* **PROBLEM TO WORK ON**
The required output is the exact run of lines in the listing below from the line holding "corrosion process |" through the line holding "與花海兩兩相望的親子樂園,孩", with no pictures.

* **DATA SUPPLIED**
↓↓↓
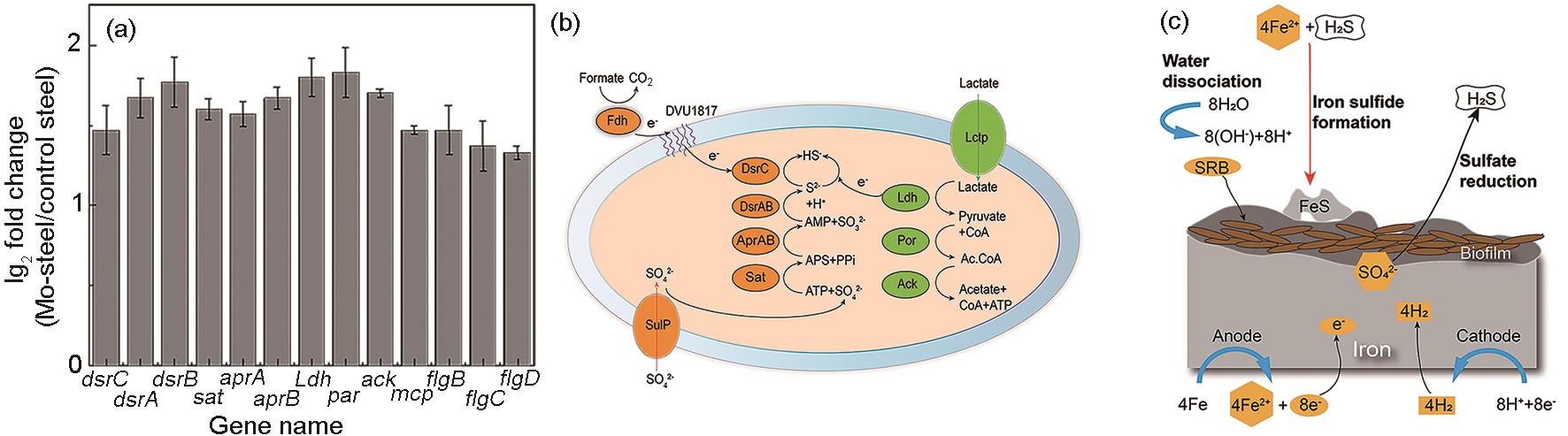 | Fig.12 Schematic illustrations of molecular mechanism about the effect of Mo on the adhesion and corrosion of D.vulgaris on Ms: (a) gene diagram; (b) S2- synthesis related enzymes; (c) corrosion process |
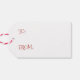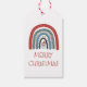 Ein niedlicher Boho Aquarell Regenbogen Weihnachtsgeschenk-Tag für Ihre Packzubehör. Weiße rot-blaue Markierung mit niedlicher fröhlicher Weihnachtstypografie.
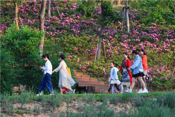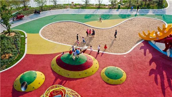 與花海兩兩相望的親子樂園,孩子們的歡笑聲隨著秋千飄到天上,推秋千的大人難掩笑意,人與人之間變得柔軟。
↑↑↑
↓↓↓
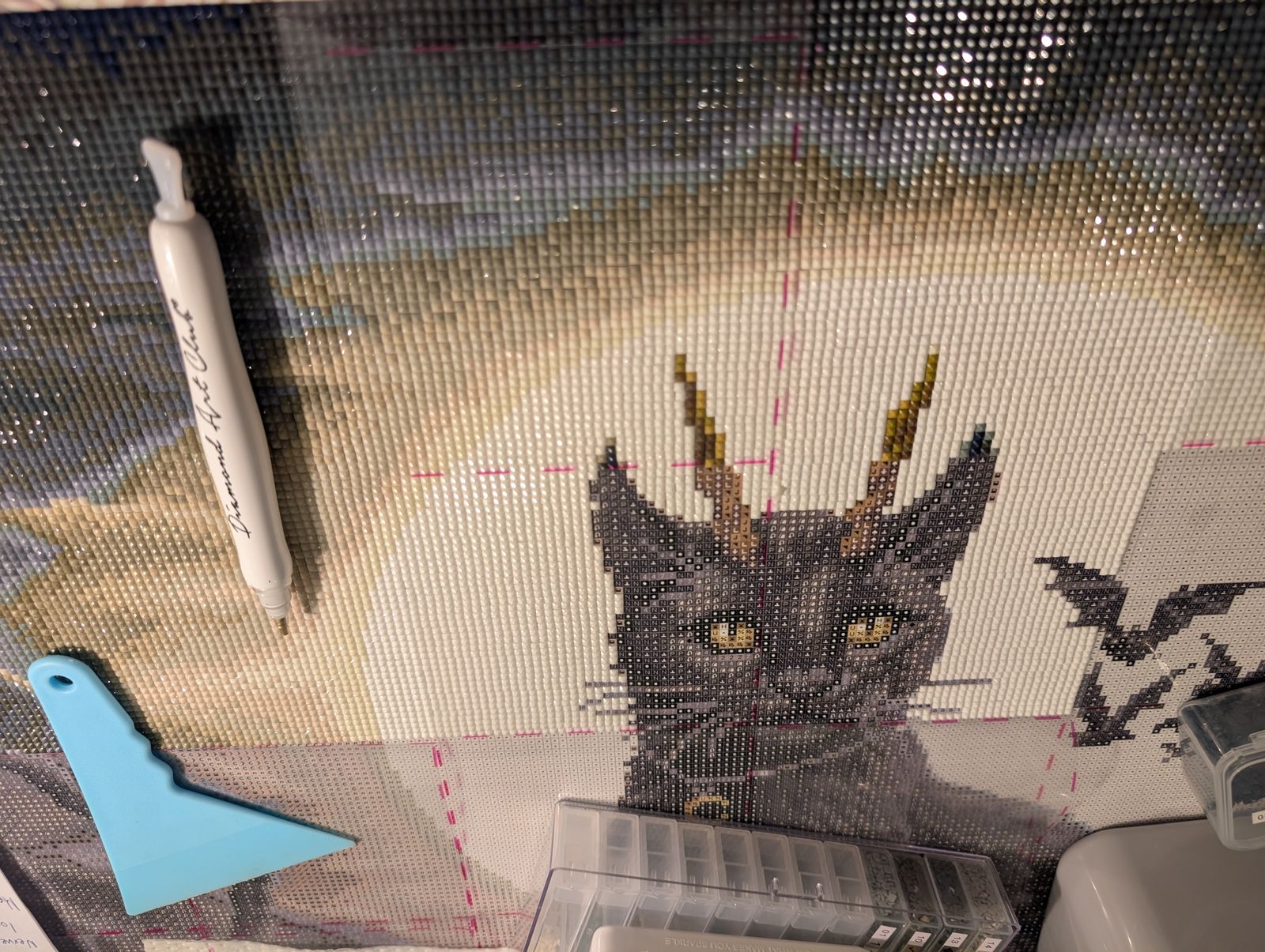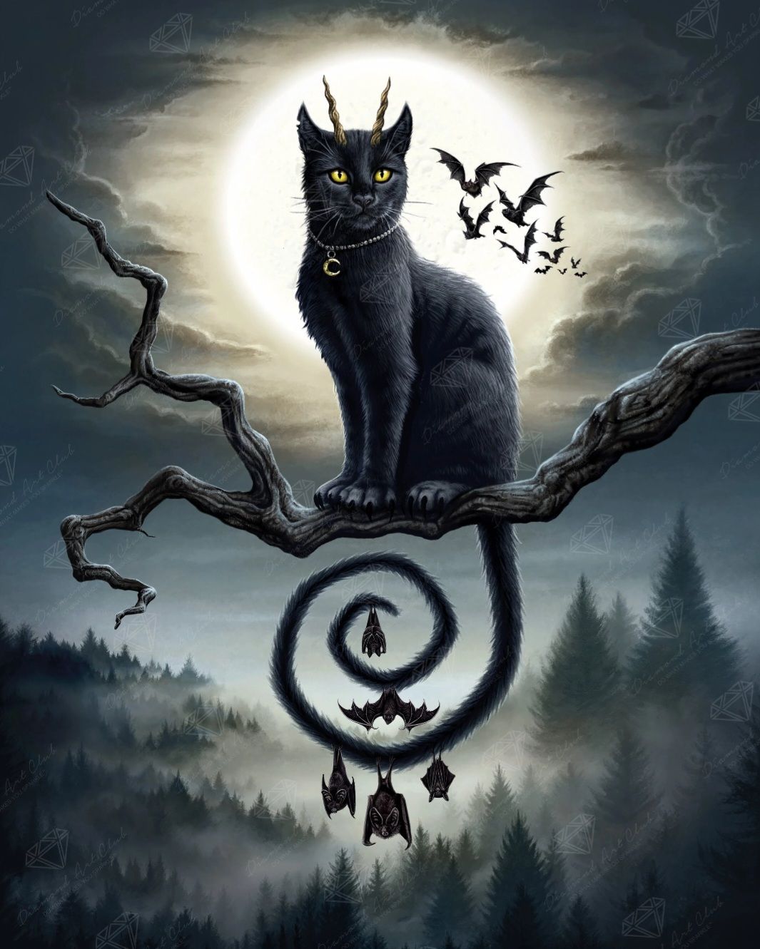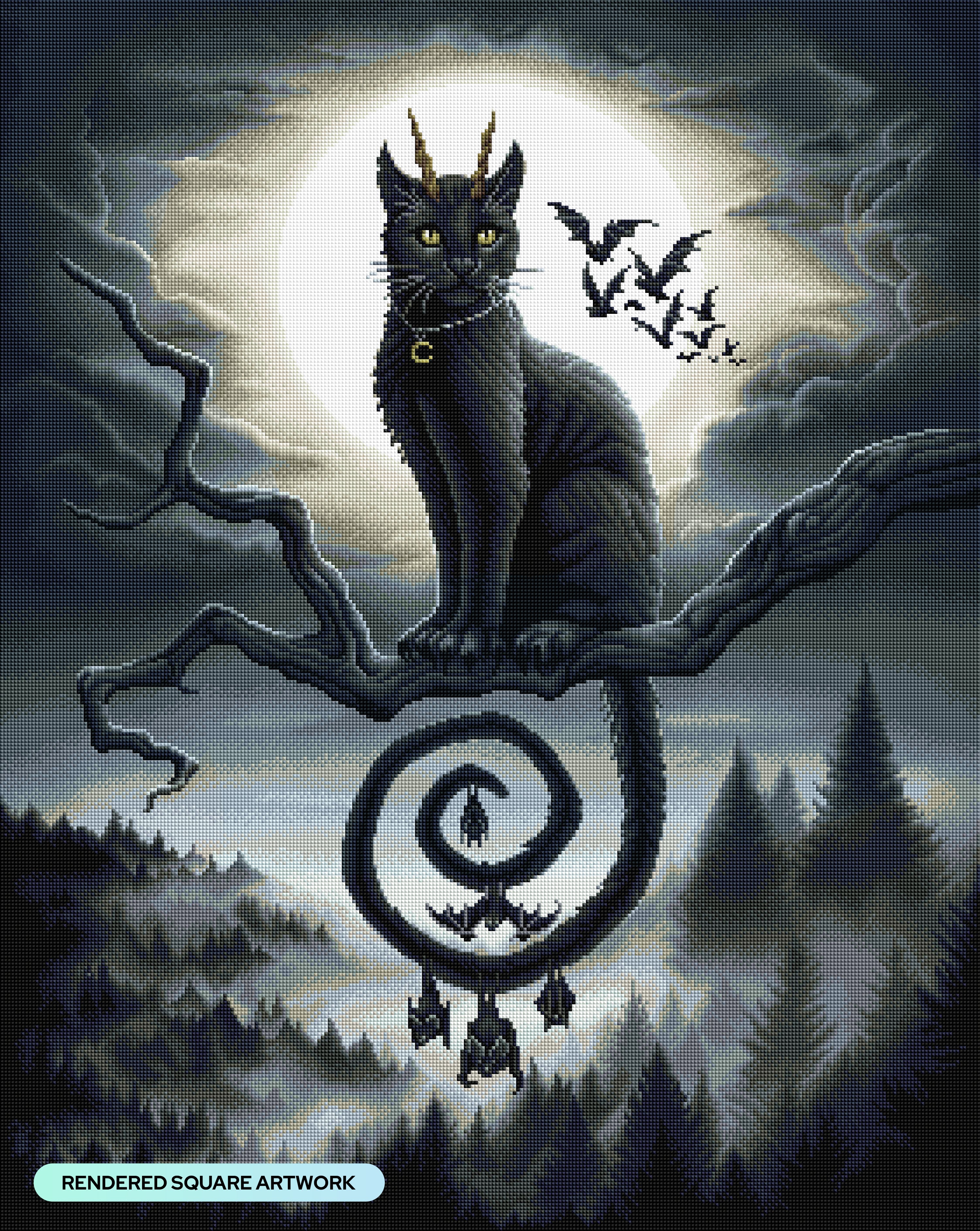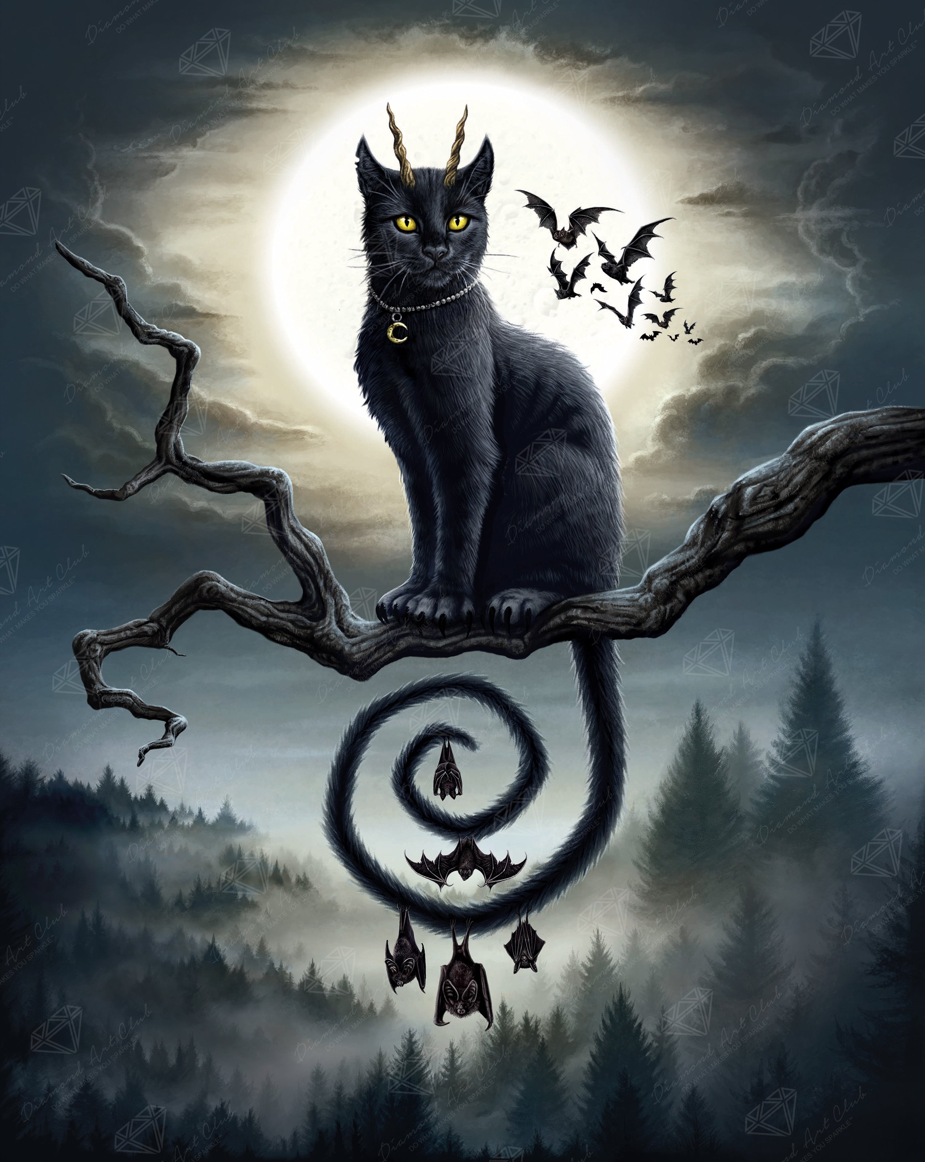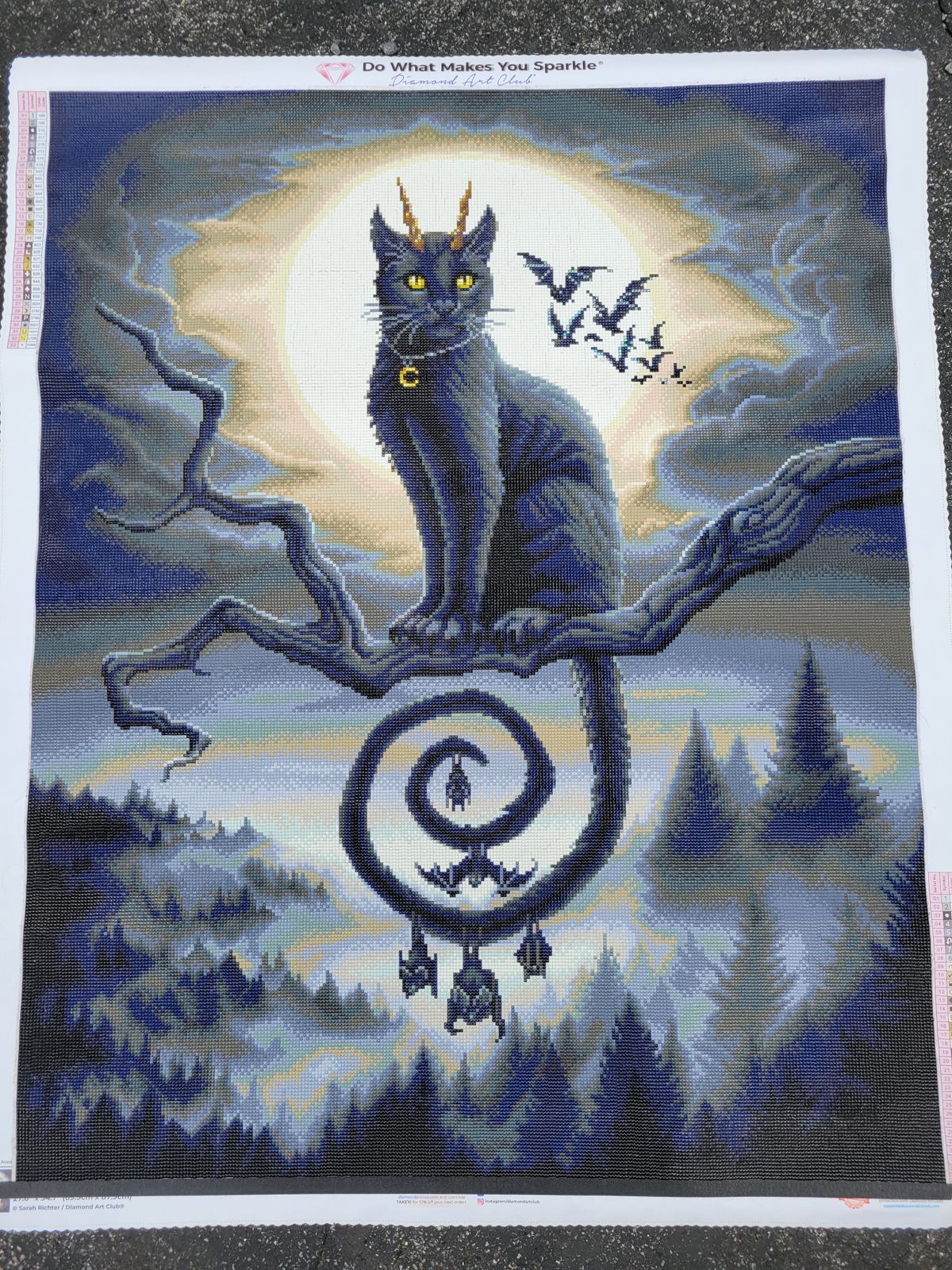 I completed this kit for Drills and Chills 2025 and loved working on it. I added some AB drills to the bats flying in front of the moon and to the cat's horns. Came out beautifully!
↑↑↑
* **TASK OUTPUT**
 | Fig.12 Schematic illustrations of molecular mechanism about the effect of Mo on the adhesion and corrosion of D.vulgaris on Ms: (a) gene diagram; (b) S2- synthesis related enzymes; (c) corrosion process |
 Ein niedlicher Boho Aquarell Regenbogen Weihnachtsgeschenk-Tag für Ihre Packzubehör. Weiße rot-blaue Markierung mit niedlicher fröhlicher Weihnachtstypografie.
 與花海兩兩相望的親子樂園,孩子們的歡笑聲隨著秋千飄到天上,推秋千的大人難掩笑意,人與人之間變得柔軟。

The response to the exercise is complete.